Что толкало древних римлян на преступления? С возникновением во второй половине XIX века криминологии, этой многообещающей науки, появилась надежда на скорое раскрытие истинных причин преступных наклонностей человека и, в конечном счете, их полное и окончательное искоренение. Увы, подобного рода мечтательный оптимизм угас весьма скоро, и сегодня мы склонны считать, что преступность обусловливается сложнейшим комплексом факторов, самые причудливые сочетания которых могут побудить человека к совершению преступных деяний.

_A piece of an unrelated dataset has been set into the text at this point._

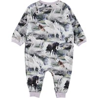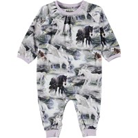 Francine is a baby romper in the 'Mythical Creatures' print with a light purple edge tape. Francine is roomy and is slightly draped at the neck. It has easy snap closure at the neck and crotch.
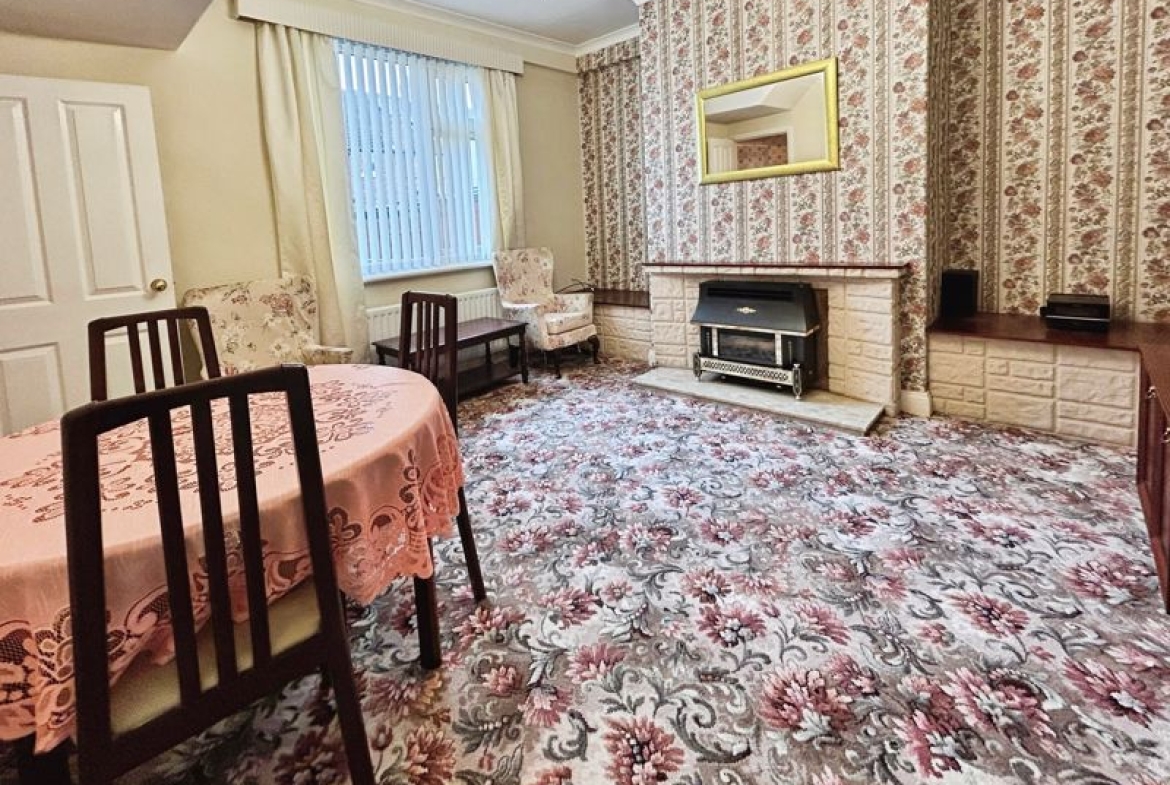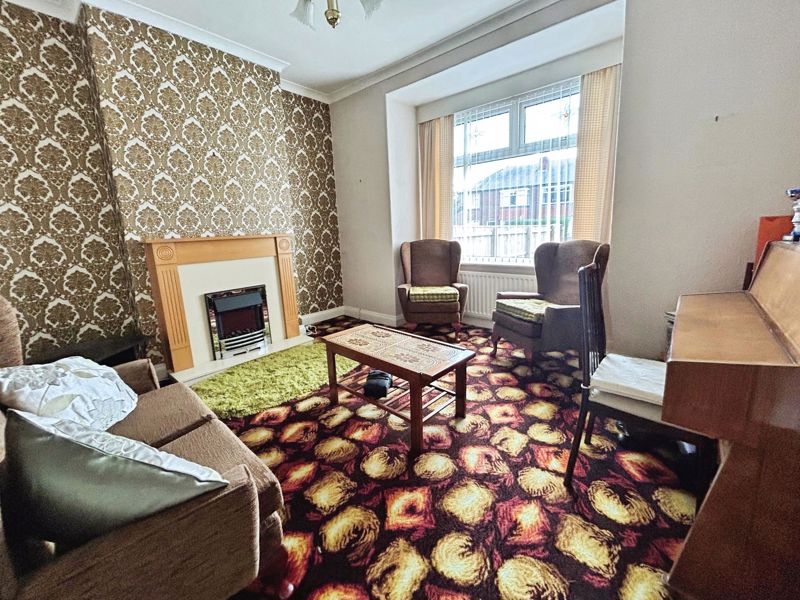 Feature fire place with surround, electric fire, double radiator, coving to ceiling, double radiator, UPVC double glazed window to front.

У римлян были собственные объяснения причин, побуждающих людей творить дурные вещи. Городская среда, по мнению многих античных авторов, сама по себе оказывала пагубное влияние на человеческий нрав. Несть числа искушениям и соблазнам в городе, изобилующем термами и тавернами, и как пройти мимо них горожанам, изнывающим от скуки и безделья вследствие хронической безработицы? У многих писателей тех времен встречаем мы это замечательное объяснение корней преступности, и ведь какое-то зерно истины в их наблюдениях, бесспорно, имеется. Поденщина как основной принцип найма плюс низкий спрос на рабочую силу означали, что множество городской бедноты день за днем бесцельно слоняется по улицам и мается от безделья, сбиваясь там и сям в группы и заводя праздные разговоры. Любимым же времяпрепровождением римского плебса, если верить жившему в IV веке историку Аммиану Марцеллину, было резаться в кости и обсуждать прошедшие и предстоящие состязания на колесницах. Нетрудно представить, что в такой обстановке многие молодые люди запросто втягивались в воровские дела, особенно проигравшись и не имея перспектив в ближайшее время хоть что-то заработать законными путями. Рим был и перенаселен, и наводнен пришлыми людьми, а местные сообщества, вероятно, не отличались такой сплоченностью, какую можно наблюдать в сельской местности с традиционным укладом жизни. Это обстоятельство вносило немалую лепту в разгул уличной преступности. Здесь, правда, следует сделать поправку на то, что сами авторы, на которых мы ссылаемся, принадлежали к высшему слою римского общества. Сквозь описания нравов и повадок простолюдинов то и дело явственно проступает всемерное брезгливое презрение элиты к ленивому плебсу, милостью государства имеющему возможность жить подачками и пробавляться азартными играми. Кроме того, не будем забывать, что литературная деятельность являлась для представителей элиты не профессией, а хобби, преследующим цель скорее отточить риторические навыки, нежели искать истину. Наконец, Аммиан Марцеллин и ему подобные писатели по самой своей природе привыкли взирать на мир глазами богатых и власть имущих патрициев, а потому естественным образом усматривали объяснение большинству преступлений в порочности и безнравственности безродной и невежественной бедноты.